Kesaksian Eko terungkap dalam sidang yang digelar di Pengadilan Tindak Pidana Korupsi (Tipikor) Kota Semarang. Eko menjelaskan bahwa dirinya pernah diundang oleh Alwin Basri, yang saat itu menjabat sebagai Ketua Komisi D DPRD Provinsi Jawa Tengah, ke ruang kerjanya. Dalam pertemuan tersebut, Alwin diduga meminta Eko dan beberapa camat lainnya untuk menghapus riwayat percakapan di telepon seluler mereka yang berkaitan dengan transfer dana.

"Beliau mengundang kami di ruang komisi D, di ruang kerja beliau menyampaikan agar chat HP yang berkaitan dengan transfer agar dihapus," ungkap Eko di hadapan majelis hakim.

Namun, Eko menegaskan bahwa dirinya tidak pernah melakukan transfer apapun kepada Alwin, sehingga ia tidak mengindahkan permintaan tersebut. "Perintah bapak, itu untuk menghapus, tetapi kami kan tidak ada transfer sehingga kami tidak menghapus apapun," jelasnya.

Selain itu, Eko juga mengungkapkan bahwa Mbak Ita, saat menjabat sebagai Wali Kota Semarang, pernah meminta agar para camat membuang telepon seluler mereka. Permintaan ini diduga terkait dengan temuan dari Badan Pemeriksa Keuangan (BPK) mengenai adanya kontrak yang seharusnya tidak dibayarkan, atau penyimpangan penggunaan dana dari proyek-proyek kecamatan.

"Intinya HP kami diperintahkan untuk dibuang karena mungkin oleh Bu Wali Kota pada waktu itu menyarankan karena mungkin ada hubungannya dengan kejadian pemeriksaan dengan BPK," terangnya. "Supaya bisa dihilangkan dalam arti dengan membuang HP tersebut dan diganti HP baru, tetapi nomor tetap, handphone-nya ganti," lanjutnya.

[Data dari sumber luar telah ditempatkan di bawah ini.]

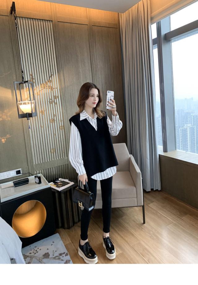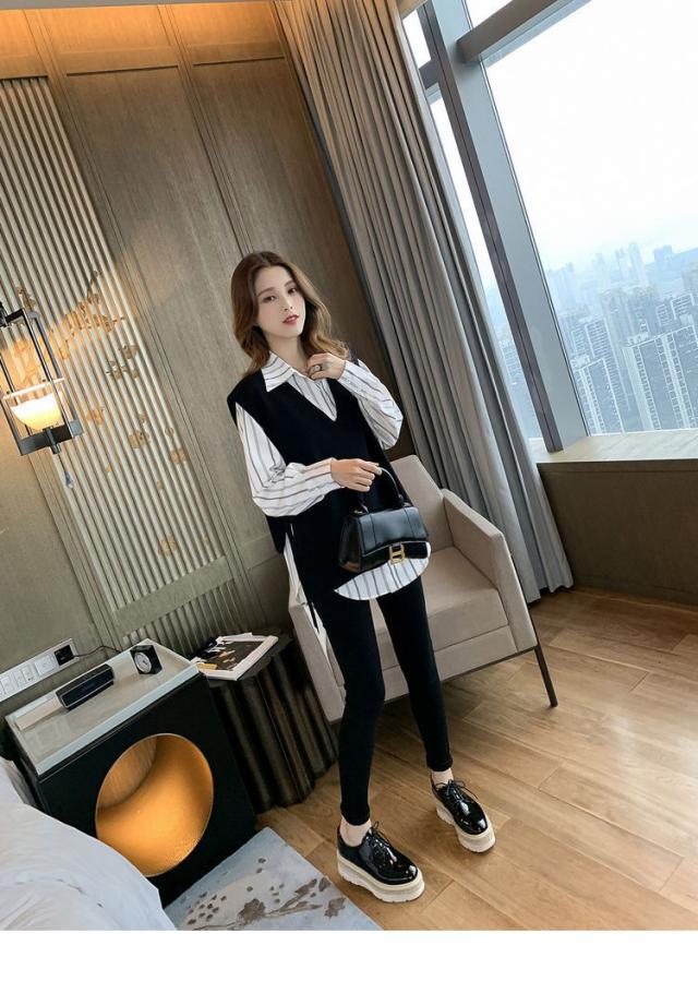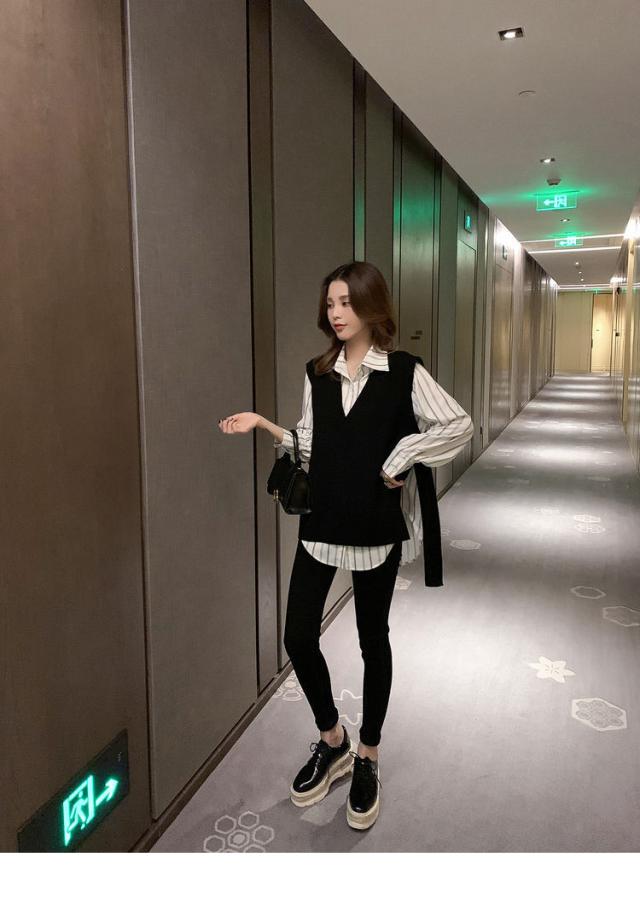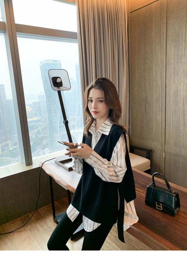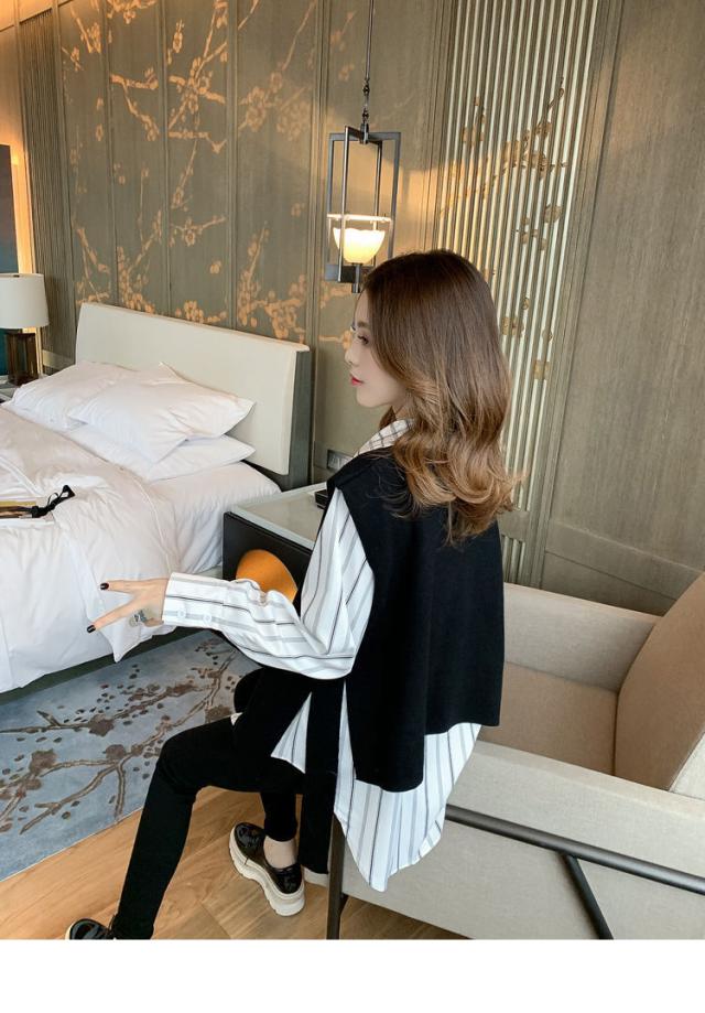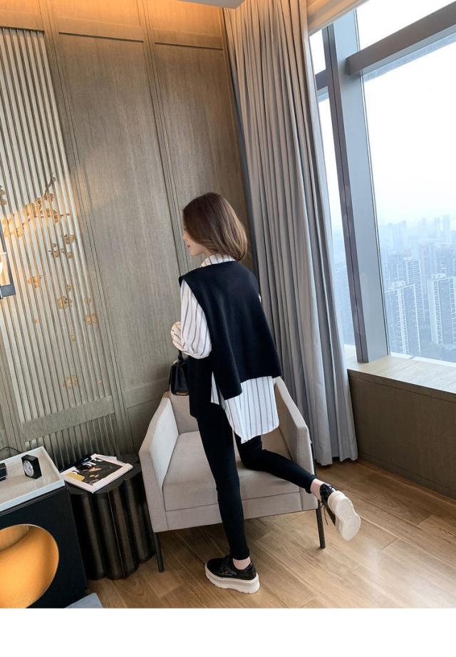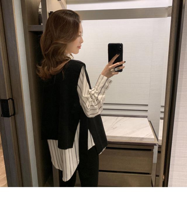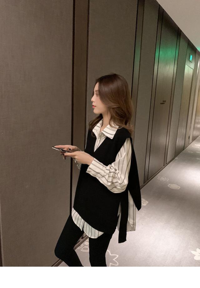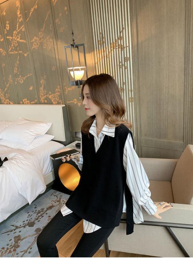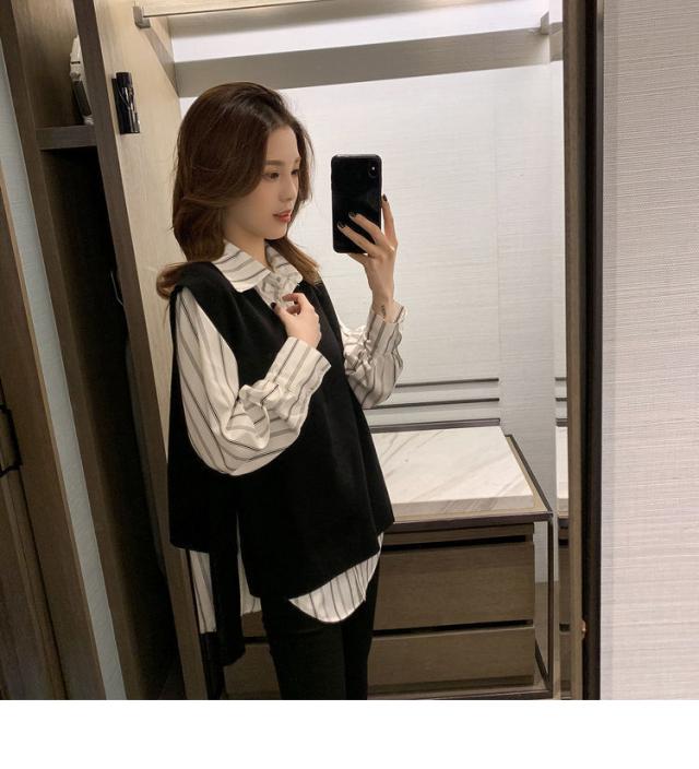 2点セット ツーピース トップス シャツ ブラウス ニットソー ベスト 袖あり ノースリーブ 長袖 Vネック 襟付き 角襟 ワイド 伸縮性 ポリエステル 大人可愛い きれいめ おしゃれ 大人女子 こなれ感 個性的 クール モード系 柄 ストライプ レディース 女性用 ビジネス OL 通勤 デート お出かけ 女子会 休日 ショッピング 着回し 重ね着 韓国 オルチャン 楽ちん モテ 体系カバー S M L XL 2XL 3XL 4XL 小さいサイズ 大きいサイズ ゆったり 白 ホワイト 黒 ブラック
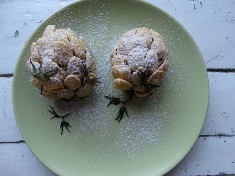 Притрушиваем шишки сахарной пудрой. Это не только прибавит реалистичности нашей шишке, но и прикроет видимые недостатки.
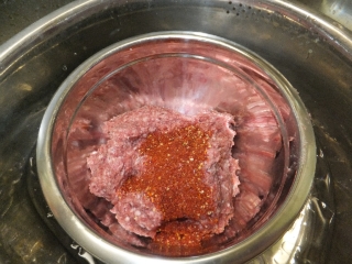 狩猟シーズンをすぎるまでに、結構な勢いで獣肉をおすそわけ頂き、気がつけばそこそこの量が備蓄 されているのだけど、精肉時に発生する端肉や、そのままでは固いすね肉、すじ肉等はひとかたまりにして 冷凍していって、そいつらがまとまった量になると美味しく食べるためにソーセージに加工するって 寸法。素材はイノシシと鹿のスネ肉や端肉。焼いて食べるとありえないほど固くて笑えてくるぐらいだし。 のわりに、噛み締めるほどに良い味が出てくるわけだからソーセージには丁度良いのかなってことで。 今回は、羊腸のケーシングを利用するから、ウインナーって部類になるのか。本当は、鹿の腸を使いたかった のだけど、今期、鹿の内蔵は貰えなかったので。。。 ウインナーソーセージ1,500g 材料:イノシシ肉(スネ・ロース600g、バラ500g)、鹿肉(スネ400g)、岩塩(20g)、冷水(100ml)、 羊腸ケーシング(6m)、牛乳(1,000ml)、氷水(1,000ml)、塩(100g) セージ・ナツメグ・カルダモン・コリアンダー・粒胡椒・乾姜・生ニンニク・生姜・唐辛子(各7g) 道具:ミートミンサー、ボール(大、中)、鍋、脱水シート(1枚)、ゼムクリップ、スモーカー、温度計、 スモークウッド(ヒッコリー12h分)、食品加工用手袋、ミル(細めに設定)、まち針 @ジビエ系の肉(猪、鹿)は、前日より24h程牛乳に浸け、冷蔵保存しておく。 A牛乳から肉をあげ、軽く洗ってから水気を拭き取ったうえで、 脱水シートにくるみ冷蔵庫で1時間程脱水する。 B脱水中に、各香辛料をミルで挽いておく。 唐辛子とニンニクは、別容器に取り分けておく。 ※香辛料を挽く順番が大事。ミルでは最後から 2番めに唐辛子、最後に乾姜を挽くようにする。 ※生は、生姜をおろしてから、ニンニクをおろすと良い。 C用意した全ての肉を粗挽きミートミンサーにてひき肉 にしていく。(室温は低めに。家では10度以下にしている) D全てのひき肉、岩塩、冷水、香辛料(ニンニク・唐辛子以外)を中ボールに入れる。 E大ボールに氷水と塩を入れて混ぜておく。又、ケーシングをため水に入れておく(30分程度) F大ボールの氷水に具材を入れた中ボールを浮かべ、冷却しながら、 粘りが出てくる(エマルジョン化する)までこねくり混ぜる。(調理用手袋をすること。) ※この状態で具材を2等分し、片方に唐辛子とニンニクを入れて 更にこねくり混ぜる(チョリソも作っちゃう) Gエマルジョン化したら、上から圧をかけて、具材に混ざっている 内部の空気を抜いた上で、ラップをかけてボールごと冷蔵庫に 30分程度寝かせる。(一晩ぐらい寝かしても良いらしい) Hふやかしたケーシングを絞り出しノズルにセットしていく。。。 コンダムさんもこの時に閃いたんだろうな。。。 I絞り器にノズルをセットし、具材を入れたらケーシングに向けて ゆっくり絞りだす。具材が出てきたら、先端を糸で縛る。(空気が入らないように。) Jちょっと強めに、でもケーシングの強度を意識しながら内圧をギリギリに ずず〜んと、絞りだして、1本の長いソーセージにしていく。 ※できてきた腸詰は、いったん受け皿に渦巻状に置いていくとよい。 この時、気泡の混入を発見したら、まち針を刺して空気を抜いておく。 K最後に末端を糸でしばり完全な1本ソーセージにしたら、 小分けソーセージに加工していく。 Lソーセージの真ん中を2回転ほど捻じり2本にする。 M捻った端から70mm位先を2本同時に2回転程捻る。 Nこのままでは、先の工程で捻りが解けてしまうので、どちらか片側の1本を、 形成されたソーセージの間をくぐらせる。 これで捻じりが解けることはなくなる。 なんて言うか、バルーンアートみたいで楽しい。。。 Oこの要領で、順にねじり上げていけば、 鎖状の生ソーセージが出来上がる。 ので1時間程風乾する。 Pできるだけ大きな鍋に70度のお湯を用意し、 ソーセージを静かに入れる。当然湯温が下がるので、 65度になるまで加熱し、65度をキープさせたままで 20分ボイルする。(温度と時間はきっちり管理すること) Qボイルが終わったら、粗熱をとって好みの時間 冷蔵庫などで表面を乾燥させる。 R燻製器にぶら下げて、60度以下で60分〜120分程燻 した後常温まで放置して完成です。 (一晩程冷蔵保存するとより安定して美味しくなるよー) 早速喰らってみたら、なんてぇか、ちょっとぼそぼそ。。。脂分が少なかったかな。あとは、挽加減が細かすぎた。 バラを300g、背脂200gとして、こいつらは粗みじんにする程度がよいかも。 あとは、味だな。普通に美味しいけど、塩は、1.5倍入ってもいいかな。チョリソ分は、唐辛子を倍量いれる必要が あるかも。。。 今回は、6m程作ったので、当分ウインナーソーセージには困らないかな。 今後の課題は、ケーシングの自作。。。購入すると高いので、満足感が半減しちゃうんだよね。 |
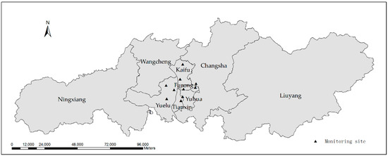 Figure 1. Changsha municipal administrative division and monitoring site.
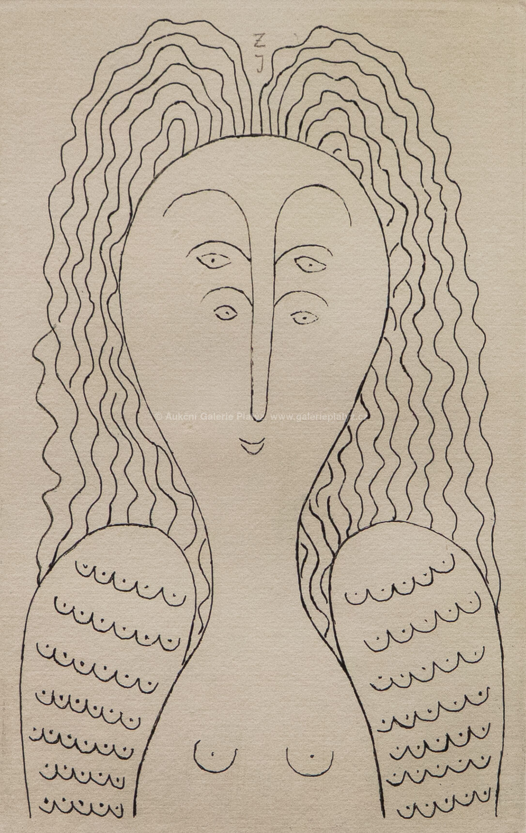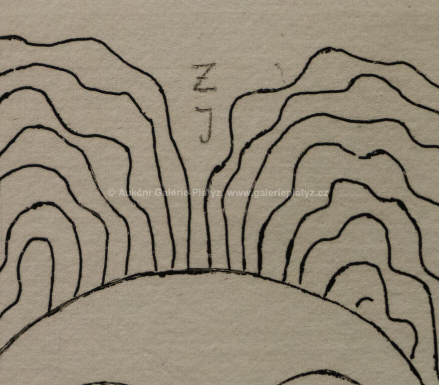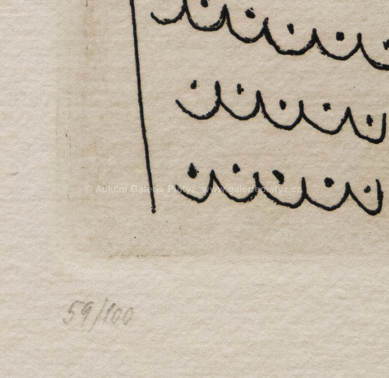 lept/papír, rozměr ve výřezu 26 x 17,5 cm, značeno v horní části v tisku, značeno a číslováno ve spodní části tužkou, paspartováno, zaskleno, rámováno
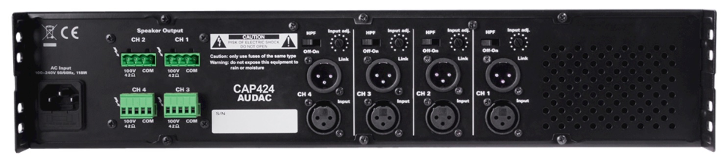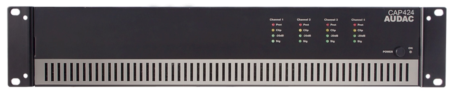 CAP424 – четырехканальный усилитель мощности класса D от компании AUDAC, удовлетворяющий потребности большинства стандартных систем оповещения и озвучивания. Его выходной мощности 4х240 Вт вполне достаточно для озвучивания объектов средних и крупных габаритов, а широкий диапазон частот 50 Гц - 22 кГц позволяет обеспечить весьма достойное качество звучания при использовании качественной акустики. Еще одно важное достоинство данного устройства это возможность деления объекта на 4 зоны объекта с целью трансляции в них информации с различных источников, что особенно актуально при построении СОУЭ да и просто систем озвучивания в зданиях с помещениями различного назначения.
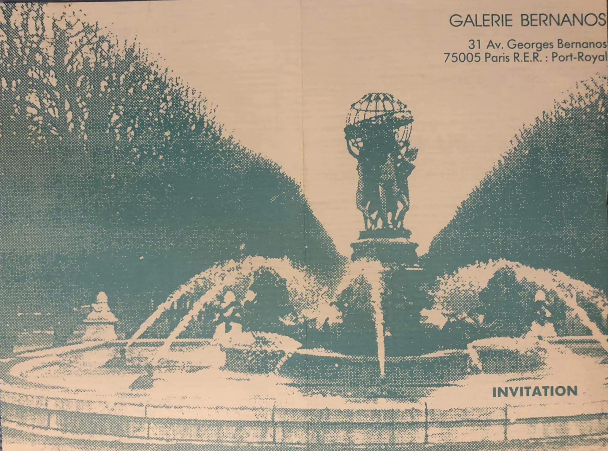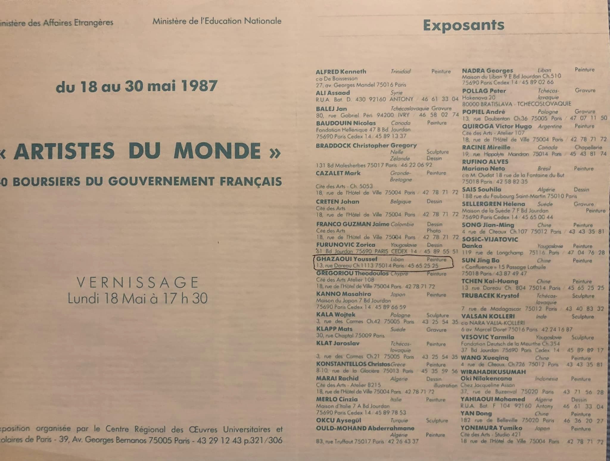 معرض جماعيّ آخر 1987، في غاليري برنانوس Bernanos الباريسيّ، برعاية وزاتيّ الخارجيّة والتربيّة الفرنسيّتين، لفنانين ممنوحين من الدولة الفرنسية من الجنسيّات التالية: ترينيداد- سوريا- تشكوسلوفاكيا- كندا- نيل- بريطانيا- بلجيكا- كولومبيا- يوغوسلافيا- لبنان- اليابان- بولونيا- اليونان- الجزائر- إيطاليا- تركيا- البرازيل- السويد- الصين- الهند وأندونيسيا..
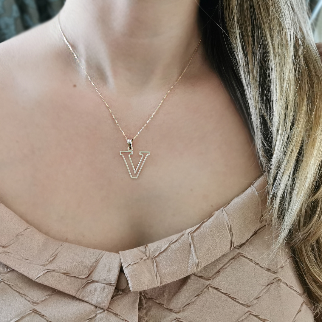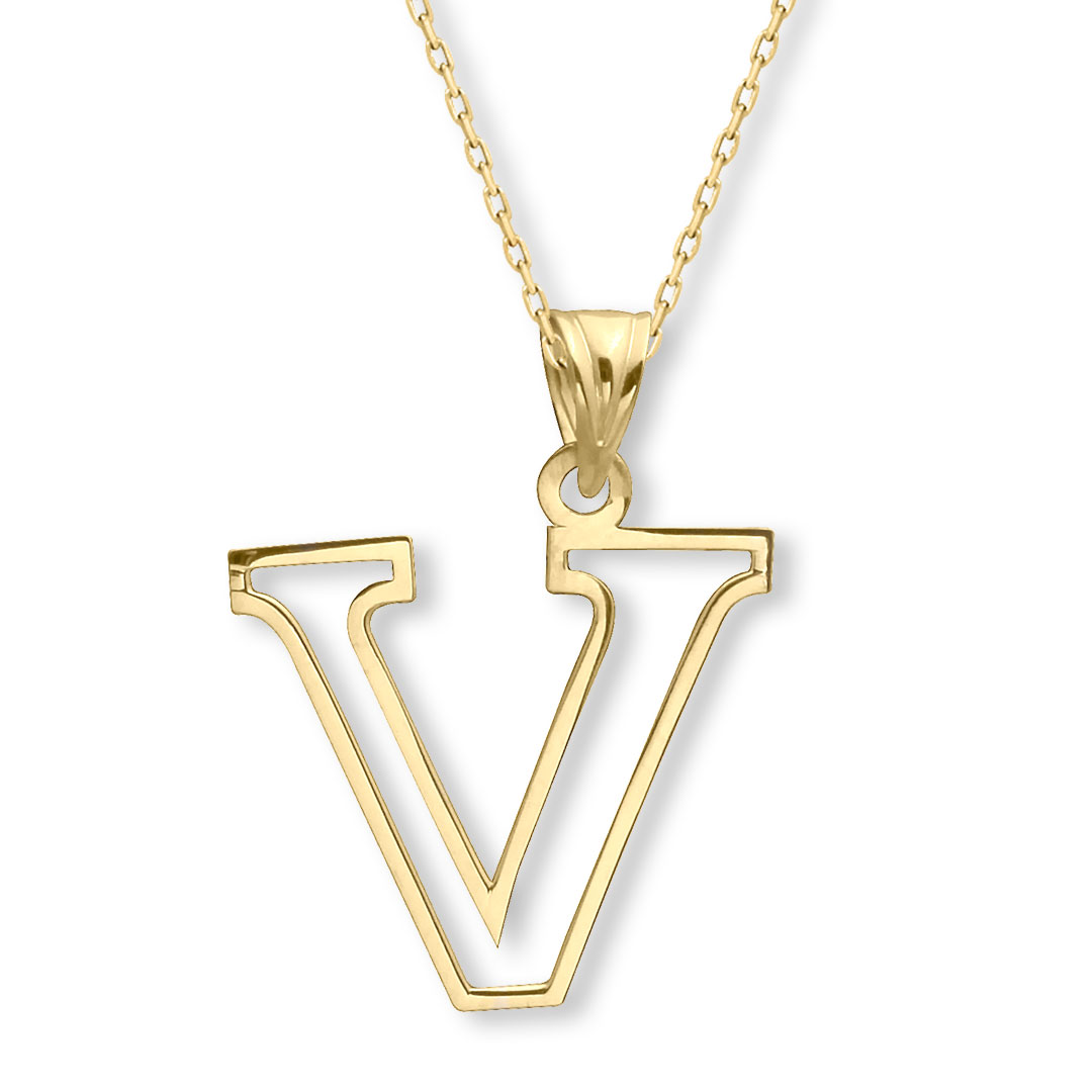 14 Ayar Altın V Harfi Tasarım Kolye.
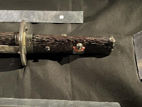 座右の目と同じケースに「黒漆木目地脇差拵」、柄の目貫には福助らしいフィギュア、鍔の裏側に鬼のような浮彫と羽織を着て座っている小さな動物、さらに柄頭にはウサギさん。反対側は福助の後姿。
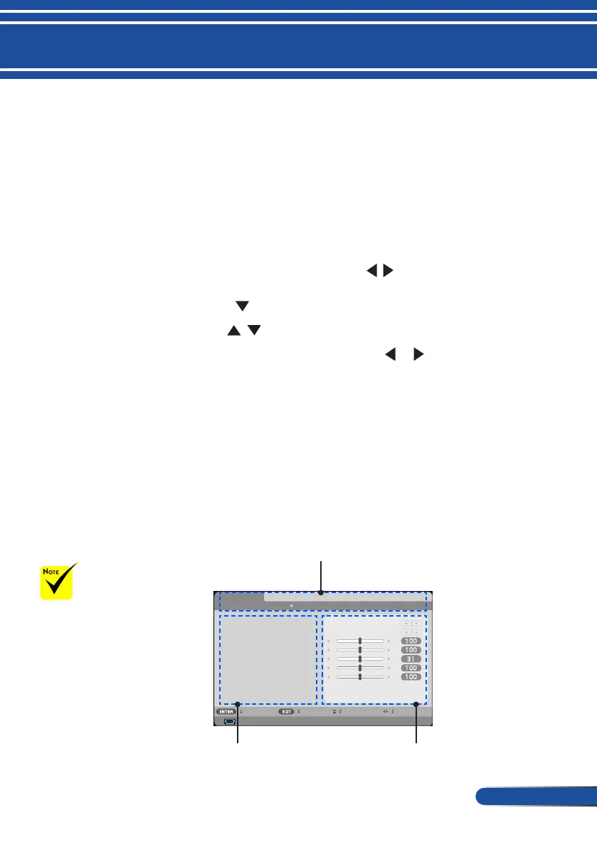 5. After adjusting the settings, press the MENU or EXIT button go
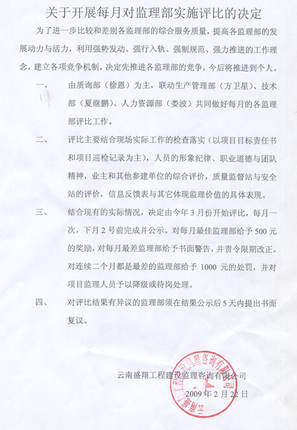 關(guān)于開展每月對監(jiān)理部實施評比的決定

Tidak hanya itu, Eko juga mengaku pernah diminta oleh Mbak Ita untuk tidak menghadiri panggilan Komisi Pemberantasan Korupsi (KPK) di Kantor BPK Jawa Tengah. Mbak Ita, menurut Eko, mengklaim telah melakukan "pengkondisian" terkait dengan pemanggilan tersebut.

Seperti yang telah diberitakan sebelumnya, Mbak Ita dan Alwin didakwa menerima gratifikasi dengan total mencapai Rp 2,24 miliar, yang juga diterima oleh Martono. Dana tersebut diduga berasal dari pekerjaan proyek di 16 kecamatan di Kota Semarang yang dilakukan melalui penunjukan langsung.

"Jumlah keseluruhan Rp 2,24 miliar dengan rincian Terdakwa I dan Terdakwa II menerima Rp 2 miliar dan Martono menerima Rp 245 juta," kata JPU dari KPK, Rio Vernika Putra di Pengadilan Tipikor Semarang.

Dana tersebut diduga berasal dari sejumlah pihak, termasuk Suwarno, Gatot Sunarto, Ade Bhakti, Hening Kirono, Siswoyo, Sapta Marnugroho, Eny Setyawati, Zulfigar, Ari Hidayat, dan Damsrin.

Selain dugaan penerimaan gratifikasi, Mbak Ita dan Alwin juga didakwa menerima suap dari proyek pengadaan barang dan jasa senilai Rp 3,75 miliar, serta didakwa melakukan pemotongan pembayaran kepada pegawai negeri senilai Rp 3 miliar. Kasus ini terus bergulir dan menjadi perhatian publik, mengingat implikasinya terhadap tata kelola pemerintahan di Kota Semarang.